Nine people were killed in separate clashes overnight, including six members of Turkey's security forces and three Kurdish militants, officials said on Saturday, as violence showed little sign of a letup in Turkey's troubled south-east. Three special forces police officers and three Kurdistan Workers Party (PKK) militants were killed when gunbattles broke out along a highway in the remote province of Hakkari bordering Iraq and Iran, security sources said.
In a separate incident in Bitlis province north-west of Hakkari, three state-backed Kurdish village guards were killed when clashes broke out between PKK militants around 30 km from the provincial capital, the governor's office said. One Turkish soldier and three village guards were also wounded. Village guards are part of a local state-backed force that operates in towns and villages in eastern and south-eastern Turkey where PKK militants are most active. The PKK, considered a terrorist group by Turkey, the United States and the European Union, has carried out a spate of attacks on military targets in the past few months, stepping up a 28-year insurgency.
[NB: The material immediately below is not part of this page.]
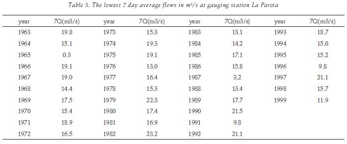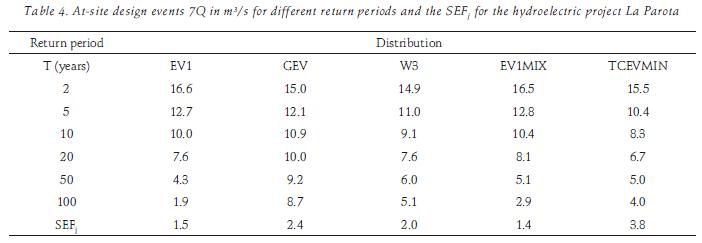 In order to do an integral assessment of the environmental impact associated with the hydroelectric project, it is necessary to account with an estimate of the possible ecological flow of the river. According to the one of the aquatic life criteria proposed by the United States Environmental Protection Agency (EPA, 2006), the hydrologicallybased design flow 7Q10 is obtained by using the lo west 7day average flows computed through the gauged data at station La Parota (table 3). The EV1, GEV, W3, and mixed distributions were used to fit the sample. The corresponding SEFj and the design events for different return periods are shown in table 4. By considering the criterion of the minimum stan dard error of fit and from an hydrological point of view, the EV1MIX distribution was selected, and the low flow 7Q10 = 10.4 m3/s would be the minimum condition to maintain the water quality and the aquatic life downstream of the dam.

Fighting between the army and the PKK intensified over the summer, a development which Ankara sees as linked to the chaos in neighbouring Syria. Prime Minister Tayyip Erdogan has accused Syria's President Bashar al-Assad of arming the PKK militants. The fighting in Turkey over the past months was some of the heaviest since the PKK took up arms against the state in 1984. More than 40,000 people have been killed in the conflict.